Mike Papantonio: Yeah, we, we’re unaware of the influence they have. The political influence is overwhelming. The lobbying influence is off the charts. They are the number, I think number two lobbying influence in America, right? That’s behind the weapons industry by the way. So, so we have an industry that controls congress. They control basically the court system because of the way that, the way that they’ve helped lobbying, changing laws to make it very difficult for individuals, families of members who have been killed by med by, by pharmaceuticals to even make it to court.
So they control the, the, they control them, the, the court system in a big way. They certainly control the media who is right now we’re one of the, there’s only two countries in the, there’s only two countries in the world that allow this direct to consumer advertising, like we let these people do. We’re one of them. And so the media industry, if you’re waiting for them to do anything here, forget it. Talk about the influence, for example, Medicare For All. Right now they’re trying to change the law on Medicare For All that the, the drug industry is spending all the money here, aren’t they?
Ben Swann: Oh, absolutely.
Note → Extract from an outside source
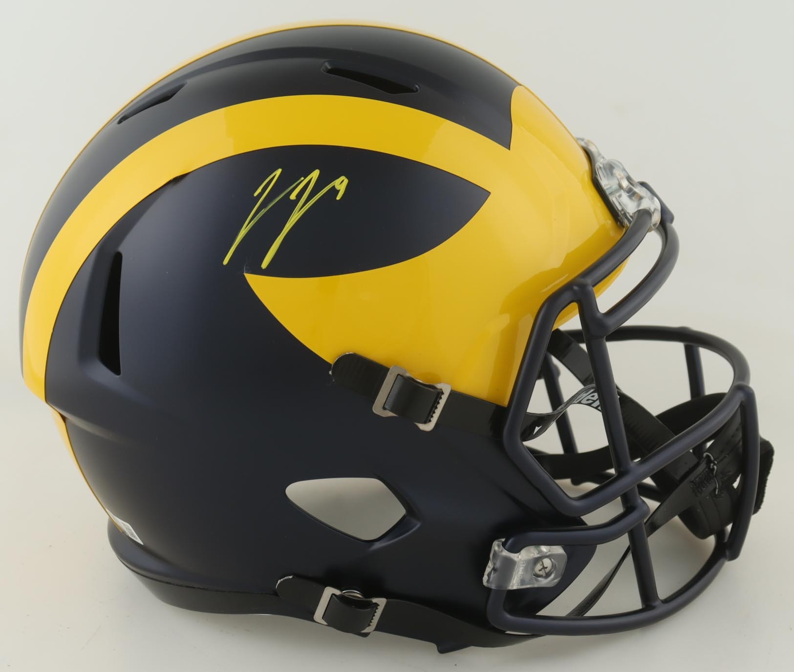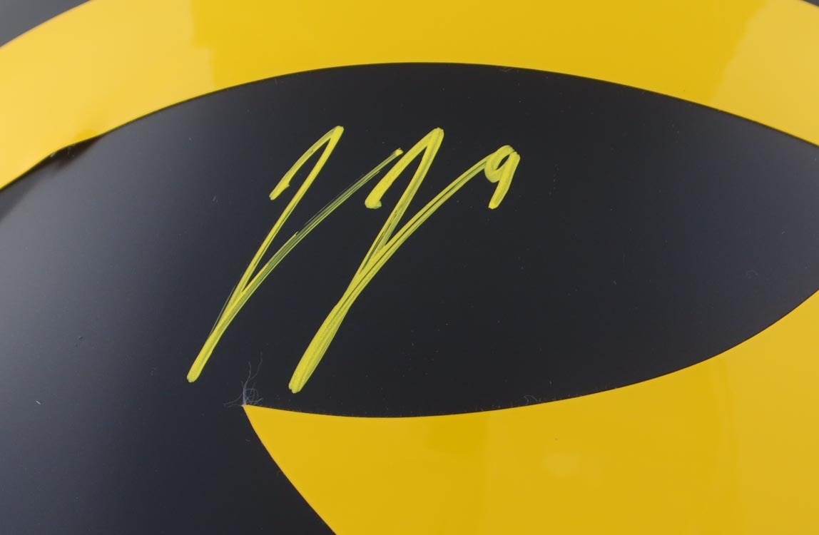 Riddell Michigan Wolverines Full-Size replica Speed Helmet. Hand-signed by J. J. McCarthy.

And, and, and again, to your point, I mean, you have such a lobbying effort being made by these pharmaceutical companies. And keep in mind one or the other kind of untalked about parts of this are the patents that go into a lot of these drugs. Now, pharmaceutical companies will say, you know, when we are in this process of, of creating a drug, it costs us so much money. The regulation and regulatory climate requires so much of us.
It’s expensive. It’s time consuming. We need to be able to protect our investment. Otherwise no drugs will ever be made. Mike, imagine what they’re saying. No drugs will ever be made if they’re not allowed to patent and hold onto a patent for 10 to 15 years on a particular drug and charge the price they want. It’s nonsense. We know it’s not true and it goes back to what you were saying about this, this Medicare For All idea, right, is to control every aspect of the process along the way.
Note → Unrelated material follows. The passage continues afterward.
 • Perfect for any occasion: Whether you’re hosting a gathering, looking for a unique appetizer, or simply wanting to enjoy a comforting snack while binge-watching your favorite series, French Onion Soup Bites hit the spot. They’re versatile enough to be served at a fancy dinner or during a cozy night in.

From the development of a drug, protecting it once it’s out there, getting lobbyists in some cases or excuse me, lawmakers in some cases to require their drugs. It is, it is top down, top to bottom, manipulated and controlled on every single level. I’m, I’m appreciate you talking about it on your show because there are so few voices that will actually cover this story.
Mike Papantonio: Ben, thanks for doing this. Please stay at it, man. This is real journalism and thank you for that and please keep it up. Thanks for joining me.
Ben Swann: Mike thanks. Thank you so much.
Mike Papantonio: And finally tonight, some good news, Nike workers in California might finally get paid for the time that the company made them stay on, stay at work but not on the clock. In other words, they’re working off the clock for free. The Ninth Circuit Court of Appeals reversed a lower court summary judgment in favor of Nike and a class action lawsuit brought by the employees of Nike’s retail stores in California and they can once again move forward like they should have been to begin with.
In the original lawsuit, workers claim that Nike forced them to stay for an inspection once their shift had ended. The workers weren’t allowed to stay on the clock for their inspections, but they were also not permitted to leave the store until the inspection was over. The lower court said that since these wait times were usually about 10 minutes or more, they didn’t constitute any real losses for the plaintiffs.
The Ninth Circuit disagreed and the case is once again gonna move forward. Forcing employees to stay at work after they’ve clocked out is one of the most common forms of wage theft, and it goes on all the time. And though 10 minutes might not seem like a long time, just think how much time and wages these employees lost after working 30 to 40 shifts per month, that adds up to a serious amount of money that Nike will hopefully be repaying to these employees.